В годы правления военного режима я лишь однажды вернулся в Аргентину и ощутил созданную военными атмосферу террора, но ни к одной из групп сопротивления не примкнул. «Во времена беззакония, – как-то сказал другой мой товарищ, – есть только два пути. Можно делать вид, что ничего не происходит, что если кричат за дверью – это ссорятся соседи, а человек, который куда-то пропал, на самом деле устроил себе долгие каникулы без разрешения. Или же можно научиться стрелять. Третьего не дано». Возможно, третье – это быть наблюдателем. Стендаль, полагавший, что политика – камень на шее литературы, сравнивал политические идеи в художественном произведении с пистолетом, стреляющим во время концерта, и сам таким образом неявно выбирал третий путь.

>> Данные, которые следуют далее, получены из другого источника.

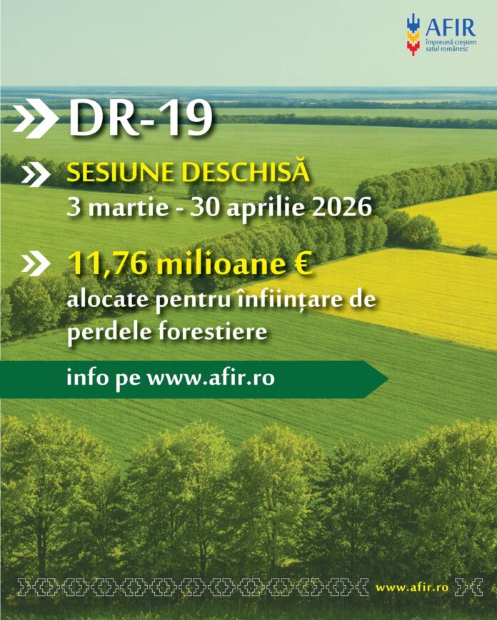 Agenția pentru Finanțarea Investițiilor Rurale dă startul, azi, 3 martie 2026, sesiunii de depunere a cererilor de finanțare pentru intervenția DR-19 – „Investiții neproductive la nivel de fermă”, prin care fermierii pot obține până la 200.000 de euro pentru înființarea perdelelor naturale de protecție a culturilor agricole.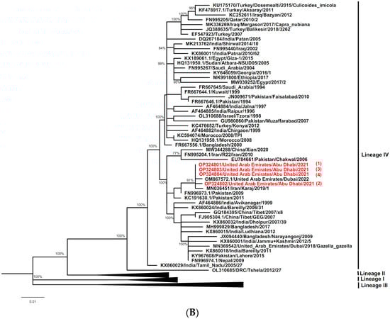 Separate phylogenetic trees were constructed using either N gene or F gene sequences of the UAE PPRV strains characterized here (ADAFSA_PPRV1_2021, ADAFSA_PPRV2_2021, ADAFSA_PPRV3_2021 and ADAFSA_PPRV4_2021), and their corresponding curated sequences mentioned in the method section. All UAE-PPRV strains from goats and dama gazelle studied here, were located within the Asian Lineage IV, close to PPRV from United Arab Emirates (GenBank: OM867572.1), Pakistan (GenBank: KC191635) and Tajikistan (GenBank: DQ840198.1) based on N gene sequence analysis and close to PPRV isolated from United Arab Emirates (GenBank: OM867572.1), Iran (GenBank: MN036451) and Pakistan (GenBank: KC191630 and FN996973.1) based on F gene sequence analysis as shown in Figure 5A,B for N gene and F genes respectively.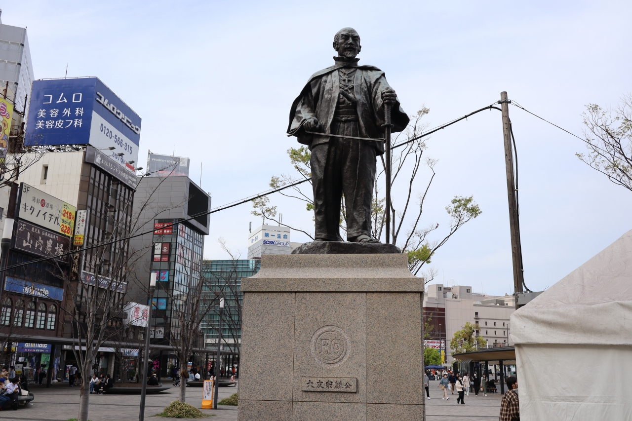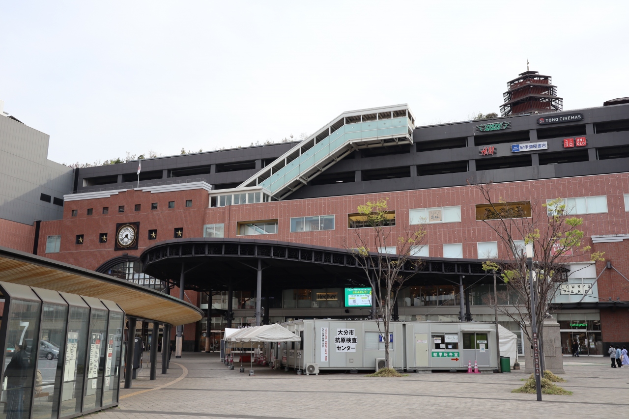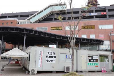 大分空港からの大分交通リムジンバスも必ずまず大分駅を経由してその後ダイワロイネットホテル前を通り終点の新川まで参ります。大友宗麟像がそびえ立つ駅前広場では多彩なイベントが行われますが、2023年4月になってもなおコロナ抗原検査センターがありました。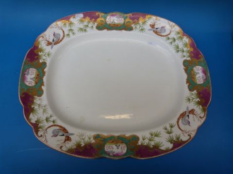 A large 19thC shaped meat platter with hand decorated scrolling decoration of exotic birds and foliage including four cartouches with gilt surrounds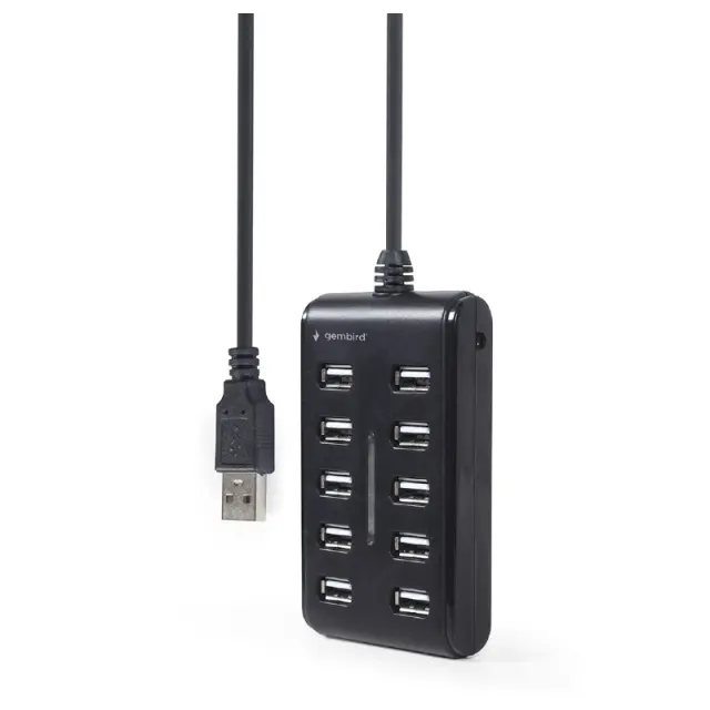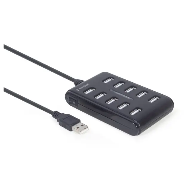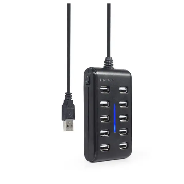 10-vratni USB 2.0 hub s stikalom vklop/izklop in z integriranim kablom, dolžine 80 cm.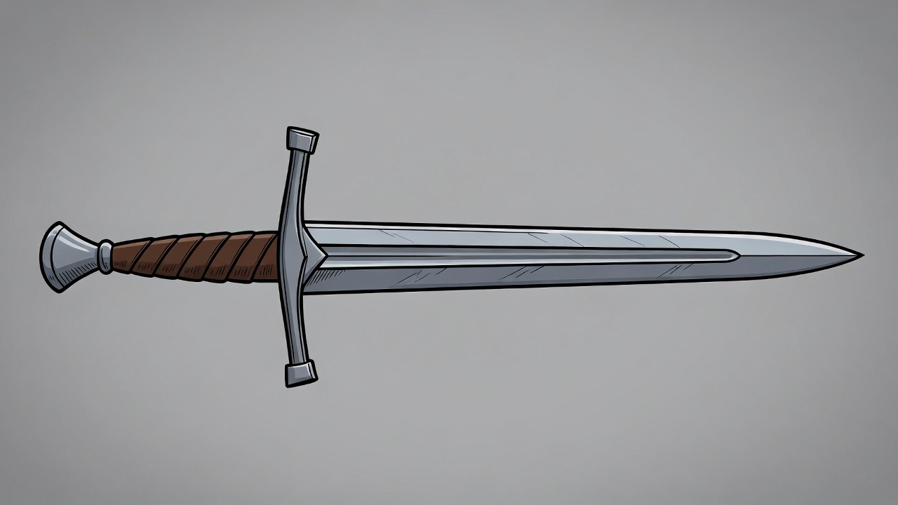 A detailed cartoon illustration of a medieval longsword with a silver blade and brown leather-wrapped hilt. The sword features a cruciform guard and is depicted on a transparent gray background. The sharp pointed tip and intricate line art emphasize its fantasy weapon design.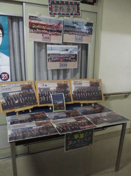 9日(木)Memories of Our School Life 公開日 2023/03/09 更新日 2023/03/09 3学年 3年生の皆さん、2日間の県立高校一般入試、お疲れ様でした! さて、いよいよ来週は卒業を迎えますね。 保健室前廊下に設置されている、恒例の「祝 卒業展示」は、もう見ましたか? 卒業までのカウントダウン・・・進みます!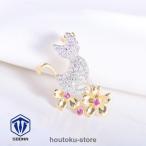 ブローチ レディース アクセサリー ピンバッチ ネコ 猫 花 ラインストーン おしゃれ かわいい ギフト プレゼント 母の日 記念日 誕生日 ホワイト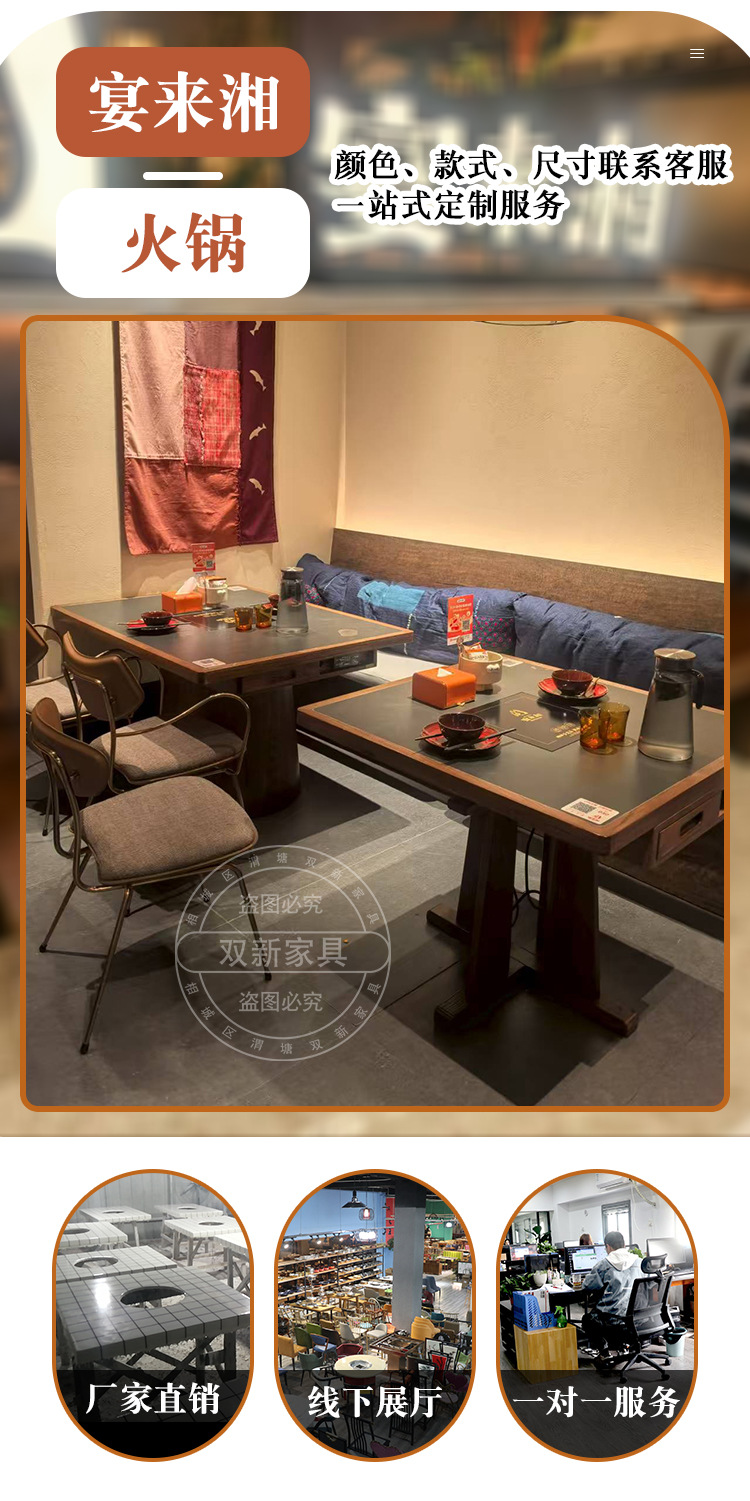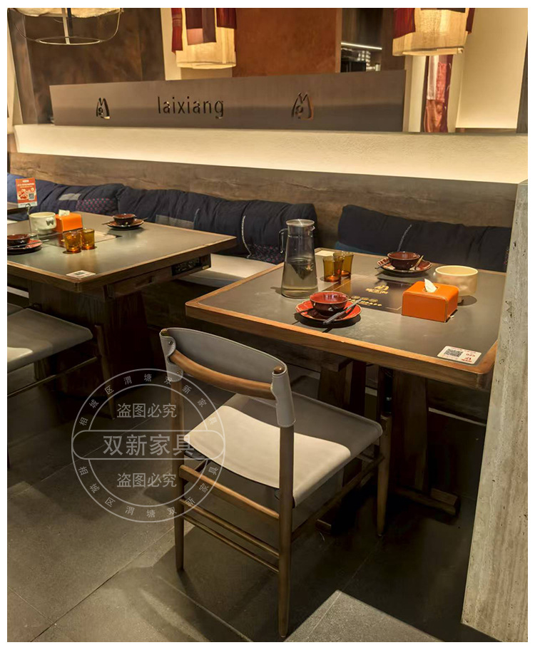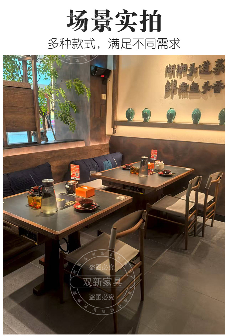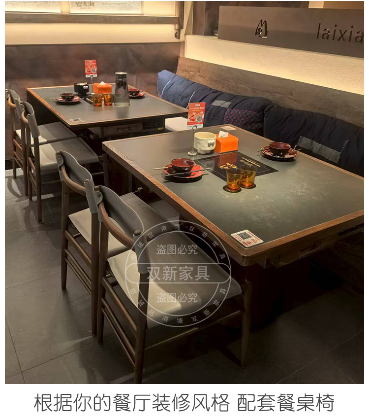 宴来湘山野风火锅桌中餐桌电磁炉一体商用网红餐馆桌椅卡座定制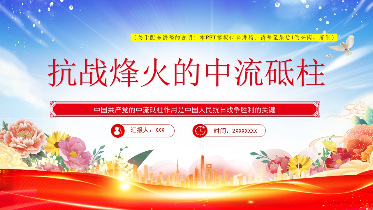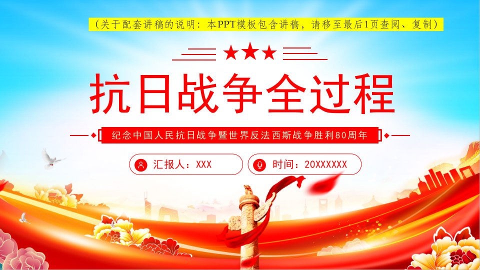 「抗战胜利ppt模板」9.3抗战胜利纪念日大阅兵纪念中国人民抗日战争暨世界反法西斯战争胜利80周年党课ppt模板(带内容)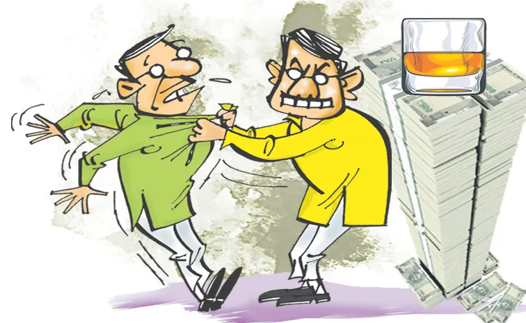 భారీ దోపిడీకి ప్రభుత్వ ముఖ్య నేతతో పక్కాగా డీల్ కుదరడం వల్లే టీడీపీ మద్యం సిండికేట్ బరితెగిస్తోంది. ప్రైవేటు మద్యం దుకాణాల్లో ఎంఆర్పీ కంటే అధిక ధరతో విక్రయించేందుకు ముఖ్య నేత ఇప్పటికే పచ్చ జెండా ఊపారు. ఒక్కో బాటిల్పై మద్యం దుకాణంలో రూ.15 అధికంగా.. బెల్ట్ షాపుల్లో అయితే రూ.25 అధికంగా విక్రయించేందుకు అనుమతించారు.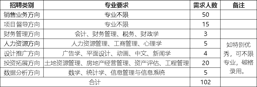 (四)薪资待遇 1、试用期薪资标准:本科生:5000元/月;硕士:6000元/月;海归本科:6000元/月; 2、销售高额佣金+五险一金+食宿+津贴补助; 3、带薪事假、病假、年假等; 4、通讯费补贴、出差补贴、学习福利、节日福利、生日福利、防暑降温费等。 (五)转正发展 根据公司发展战略,结合个人意愿,分配至全国项目。转正定岗在销售一线管理岗位以及职能管理岗位,薪资参照新岗位执行。 四、应聘方式 发送简历至集团邮箱:[email protected]命名格式为:姓名+学校+管培生; |
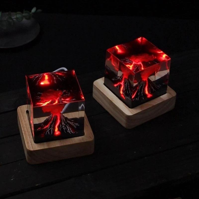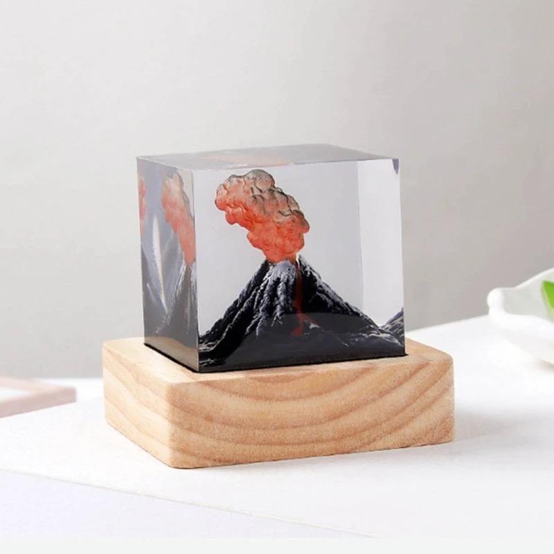 โคมไฟตั้งโต๊ะสำหรับเด็ก โคมไฟภูเขาไฟเรซิ่นสร้างสรรค์ แสงไฟผ่อนคลายช่วยการนอนหลับ ของตกแต่งภูเขาไฟมีไฟ สำหรับห้องอ่านหนังสือ ห้องนั่งเล่น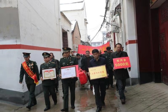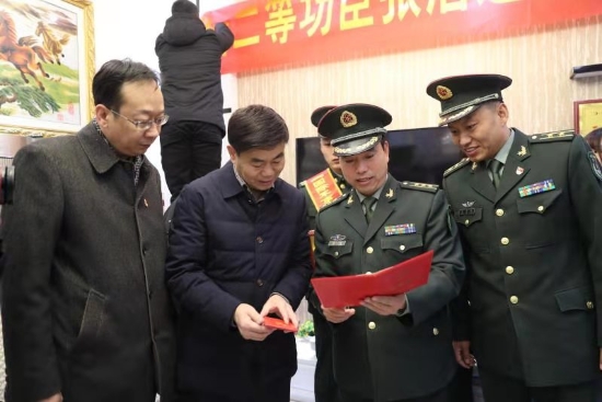 隨后,周口軍分區(qū)政治部主任李揚,太康縣委副書記、政法委書記劉海艇,縣委常委、副縣長韓維俊,縣委常委、人武部部長于永前,人武部政委郭立君等領(lǐng)導給張潔的母親盧靈芝送去了立功喜報、二等功臣家庭牌匾和慰問品、慰問金。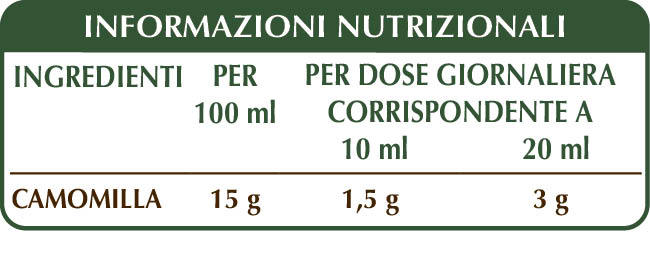 Estratto Integrale Liquido analcoolico ottenuto a partire da: glicerina vegetale bidistillata, acqua pura, camomilla volgare (Matricaria chamomilla) capolini (fiori).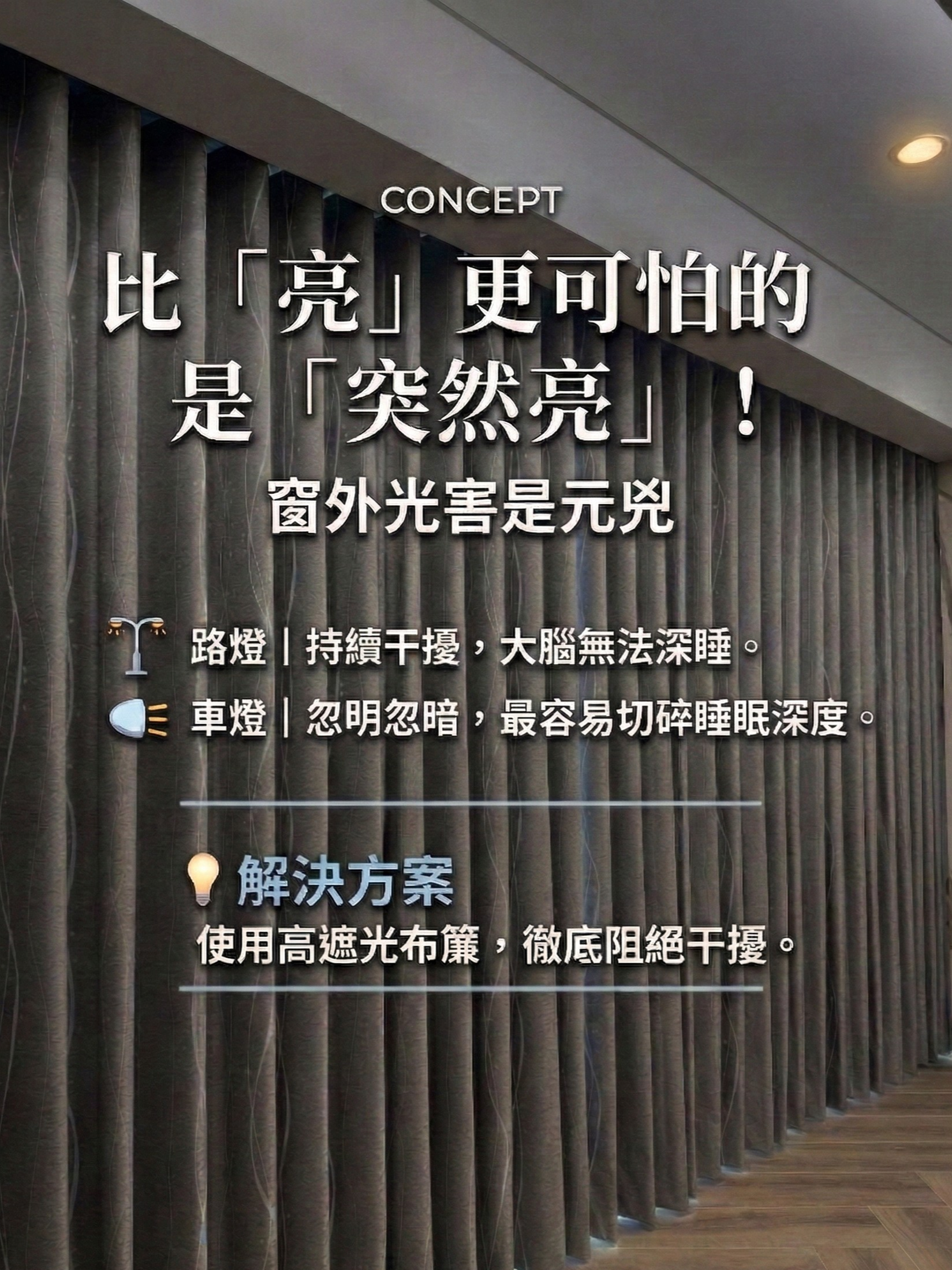 很多人會說:「我有做遮光窗簾啊。」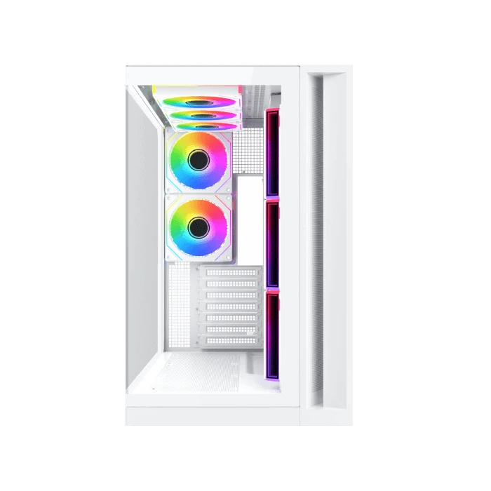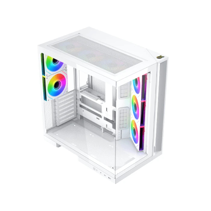 | OTHERS | 2 Tempered Glass Panel Design Angled Front-Right Fans and an Airflow-Optimized Layout Keep Temps Low and Performance Steady Top Dust Filter E-ATX (= 285mm) ATX (Support Back Plug) M-ATX (Support Back Plug) Mini-ITX(BTF) Support GPU Vertical Installation PSU Limitation up to 180mm SSD/HDD Mounting Flip Cover |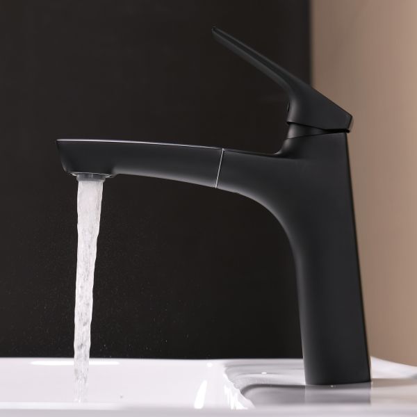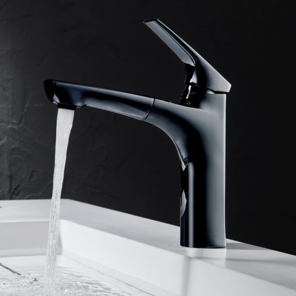 Смеситель для раковины Black&White Universe 7901B с выдвижным изливом чёрный матовый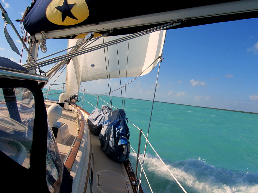 Once at sea in Hawk Channel, we were able to set full sails, with reefed main, full 135% jib and staysail in a wonderful 18-20 knot beam wind! In the world of sailing, this is PARADISE – a dream day. Blue skies, puffy clouds, aquamarine colored water, and sailing at hull speed, it was as good as it gets. We sailed all day, racing to reach the entrance to Channel Five to get back into the Florida Bay side by sunset. Our navigation computer and route told us that we were right on schedule and that we would reach the anchorage by 1730 hrs, and that is exactly what happened. We motorsailed the last 40 minutes into Channel 5 and under the bridge, then turned south where we dropped anchor in Jewfish Hole. The sun was setting as we approached our two buddy boats, Long Gone and Catspaw so we were happy to get the the sails down and the anchor set. I rate today as a 9.5 on the sailing scale, it was a great day….Check out these photos and the color of the water!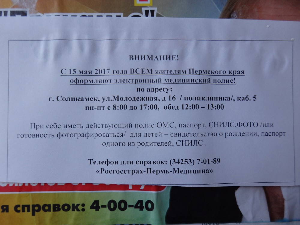 И второе мое околомедицинское дело — получение электронного полиса. Увидела недавно на доске объявлений у подъезда такое: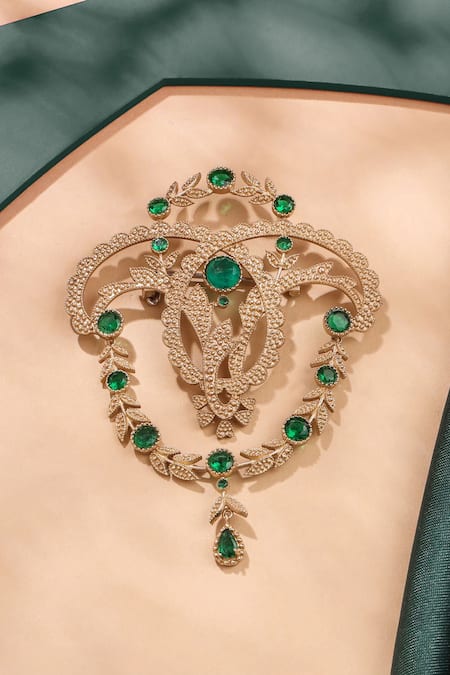 Gold brooch featuring floral leaf motifs embellished with green glass stones and a tassel drop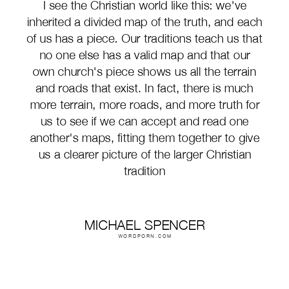 I see the Christian world like this: we've inherited a divided map of the truth, and each of us has a piece. Our traditions teach us that no one else has a valid map and that our own church's piece shows us all the terrain and roads that exist. In fact, there is much more terrain, more roads, and more truth for us to see if we can accept and read one another's maps, fitting them together to give us a clearer picture of the larger Christian tradition

Глава военного правительства, генерал Хорхе Рафаэль Видела оправдывал свои действия, говоря: «Террорист – это не только человек с бомбой или с пистолетом, но и тот, кто выступает против западной христианской цивилизации. Мы защищаем западную христианскую цивилизацию». Именно этим убийства часто и объясняют: защитой истинной веры, выживанием демократии, заступничеством за невинных, предотвращением более масштабных потерь – какие только предлоги ни пускали в ход, чтобы оправдать лишение жизни других людей. Британский инженер и независимый журналист Эндрю Кенни в статье для лондонского журнала «Спектейтор» привел такой аргумент в пользу атомной бомбардировки Хиросимы, от которой 60 000 человек погибли сразу, а еще 120 000 – медленно и мучительно: «Как бы я к этому ни относился, я точно знаю, что бомба спасла миллионы жизней союзников и японцев». Во время посещения Хиросимы Кенни был восхищен четырехэтажным зданием Выставочного центра с низким зеленым куполом, которое в 1915 году спроектировал чешский архитектор: оно оказалось рядом с эпицентром. «Атомная бомба, – писал Кенни, – способствовала заметному совершенствованию его эстетических свойств, превратив из обычной уродливой конструкции в истерзанный шедевр».
В тот день, в классе, увидев пистолет в руках товарища, я тоже воспринял его как эстетический объект. И удивился, что такая прекрасная вещь вообще может существовать. Меня не покидал вопрос (как Блейка, наблюдавшего за тигром), каков был замысел его творца, когда он создавал свое произведение, и оправдались ли его ожидания; а еще – предполагал ли мастер, столь тонко совершенствующий боевые орудия для причинения увечий, для каких именно целей его творение будет использоваться. Мне вспомнилась легендарная история о том, как во времена Французской революции Жозеф Игнас Гильотен был умерщвлен с помощью собственного изобретения; в финальном акте этой драмы для Гильотена, должно быть, осуществилась мечта любого художника, стремящегося познать смысл своего искусства. Я подумал, что пистолет моего товарища – красивая вещь, если не знать, как им пользоваться. Он напомнил мне череп какого-то небольшого зверька, который я однажды нашел в Патагонии: его отшлифовали насекомые и дожди, он был продолговатым, и в нем была всего одна глазница, как у крошечного циклопа. Долгое время я хранил череп у себя на столе – на память.[364]
Эйнштейн: Но мы не можем сложить с себя всякую ответственность.
Мы даем людям в руки могучую силу.
Это дает нам право ставить условия.
Мы должны стать политиками силы, потому что мы – физики.
Псу нелегко дается наука преданности и повиновения, но так же трудна она и для Данте. Пока Данте и Вергилий у подножия горы Чистилища ищут дальнейший путь (ведь в Стране чудес, которая изображена в поэме, указателей нет), им навстречу медленно движутся незнакомые фигуры. Это души тех, кто до самой смерти не желал смирить свой дух перед Церковью, но затем, на последнем вздохе, раскаялся. А коль скоро при жизни они восставали против Всевышнего Пастыря, то нынешний их путь должен оказаться в тридцать раз длиннее пути земного. По просьбе Данте Вергилий учтиво спрашивает, «есть ли тут троп… / Чтоб мы могли подняться кручей склона».